Required action:
Every line from the one containing "David Bell and" to the end of the records below should be returned exactly; pictures are to be dropped.

Records from a collection:
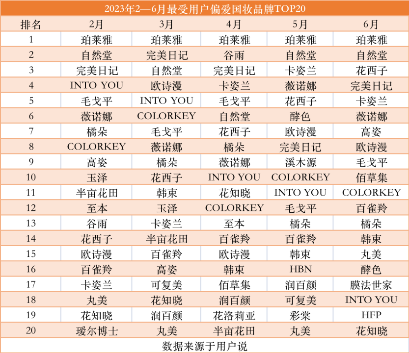 “用户说了”结合用户对品牌的态度、对品牌的热议偏好程度及对品牌官方账号的关注程度,每月对130个国货品牌做出综合评估,以此得出2023年2—6月“最受用户偏爱国妆品牌TOP20榜”。该榜单呈现出以下几大特点:
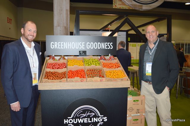 David Bell and Ruben Houweling with Houweling's Tomatoes show a selection of the company's tomatoes.
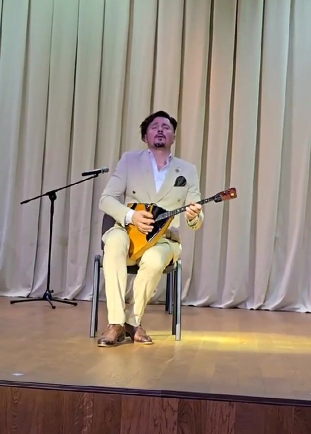 A man is playing the balalaika on stage. The man has dark hair and a mustache, and he is wearing a light beige suit. He is sitting on a chair, and a microphone is placed in front of him. The stage has a wooden floor and a backdrop of cream-colored curtains.
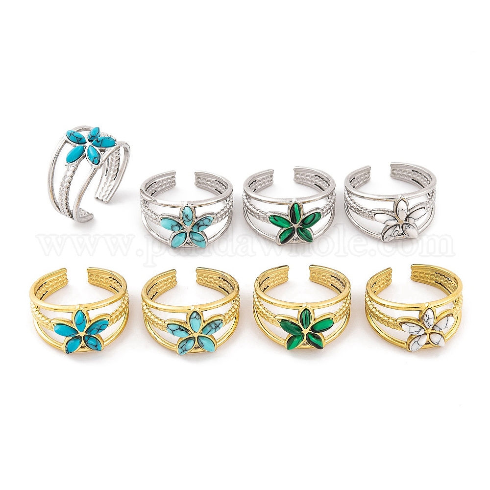 Цветок 304 открытые манжетные кольца из нержавеющей стали с ионным покрытием (IP), женские кольца с синтетической бирюзой и малахитом
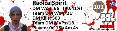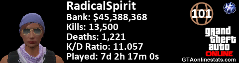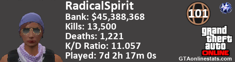 [URL=http://GTAonlinestats.com/showplayer/RadicalSpirit/2][IMG]http://GTAonlinestats.com/dmsignature/RadicalSpirit/2/sig.png[/IMG][/URL]
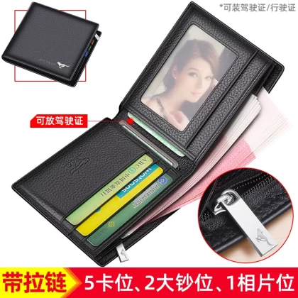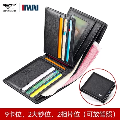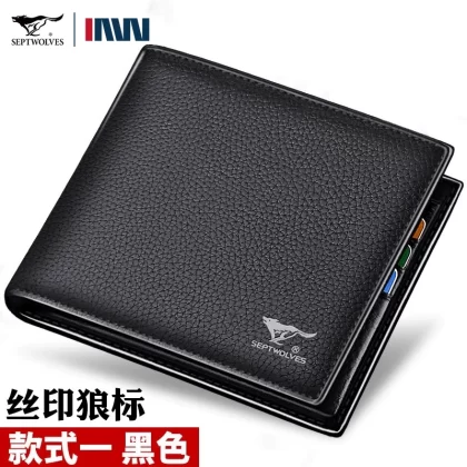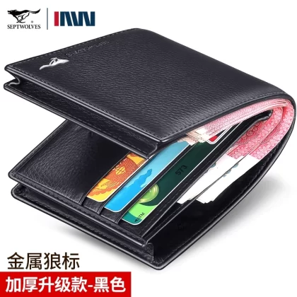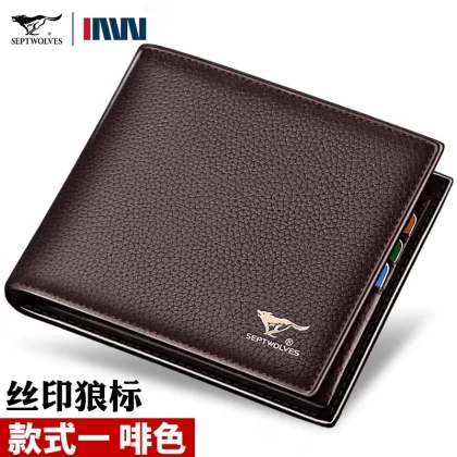 Septwolves Wallet Men's Genuine Leather Short Wallet 2024 New First Layer Cowhide Bag Authentic Leather Wallet Dad Short Clip
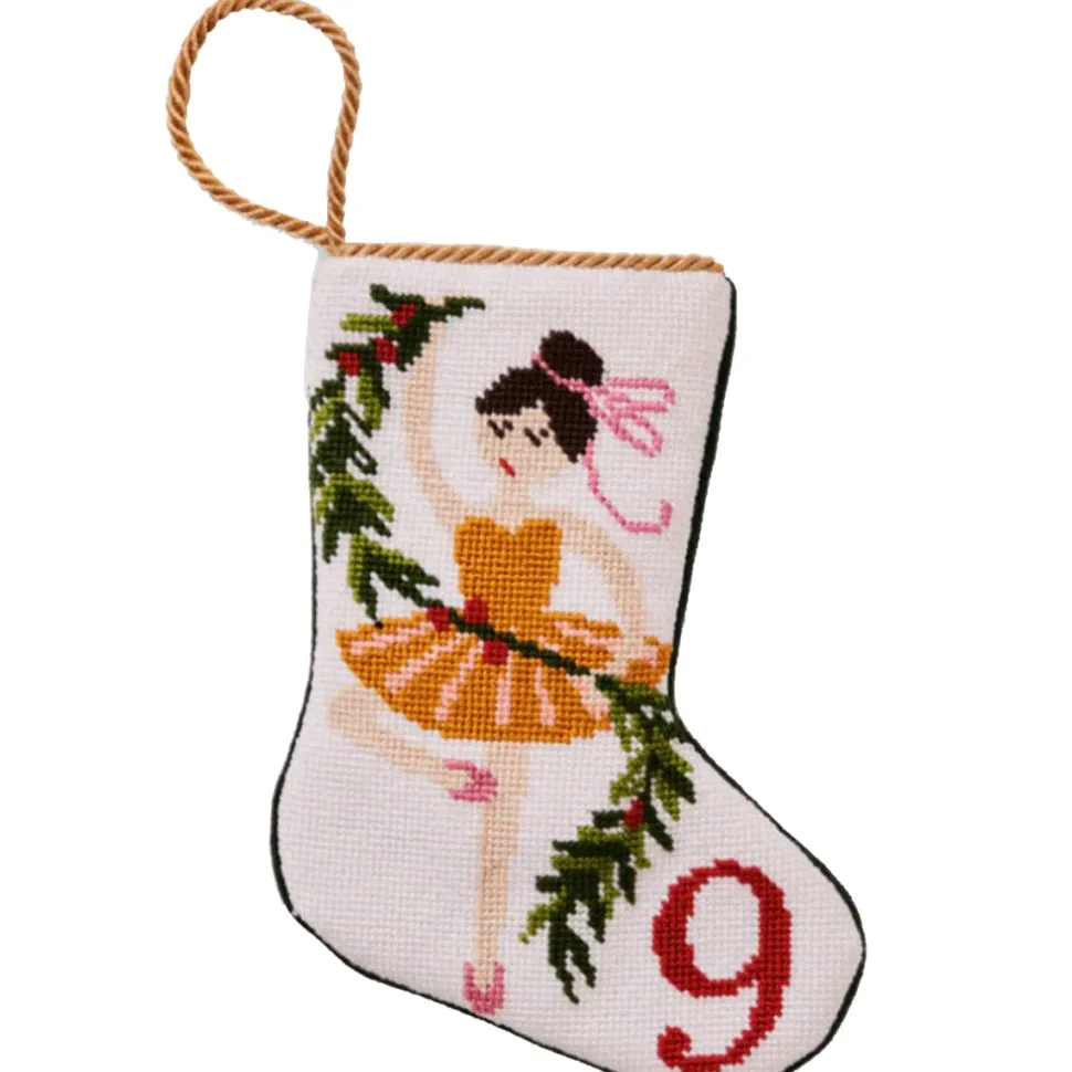 This 9 Ladies Dancing Stocking features a poised ballerina holding green garlands ready to dance around and deck the halls. Full of graceful charm and holiday sparkle, this heirloom captures the joy of movement and merriment and is the ninth piece in a full set of the 12 days of Christmas.

Answer:
 David Bell and Ruben Houweling with Houweling's Tomatoes show a selection of the company's tomatoes.
 A man is playing the balalaika on stage. The man has dark hair and a mustache, and he is wearing a light beige suit. He is sitting on a chair, and a microphone is placed in front of him. The stage has a wooden floor and a backdrop of cream-colored curtains.
 Цветок 304 открытые манжетные кольца из нержавеющей стали с ионным покрытием (IP), женские кольца с синтетической бирюзой и малахитом
 [URL=http://GTAonlinestats.com/showplayer/RadicalSpirit/2][IMG]http://GTAonlinestats.com/dmsignature/RadicalSpirit/2/sig.png[/IMG][/URL]
 Septwolves Wallet Men's Genuine Leather Short Wallet 2024 New First Layer Cowhide Bag Authentic Leather Wallet Dad Short Clip
 This 9 Ladies Dancing Stocking features a poised ballerina holding green garlands ready to dance around and deck the halls. Full of graceful charm and holiday sparkle, this heirloom captures the joy of movement and merriment and is the ninth piece in a full set of the 12 days of Christmas.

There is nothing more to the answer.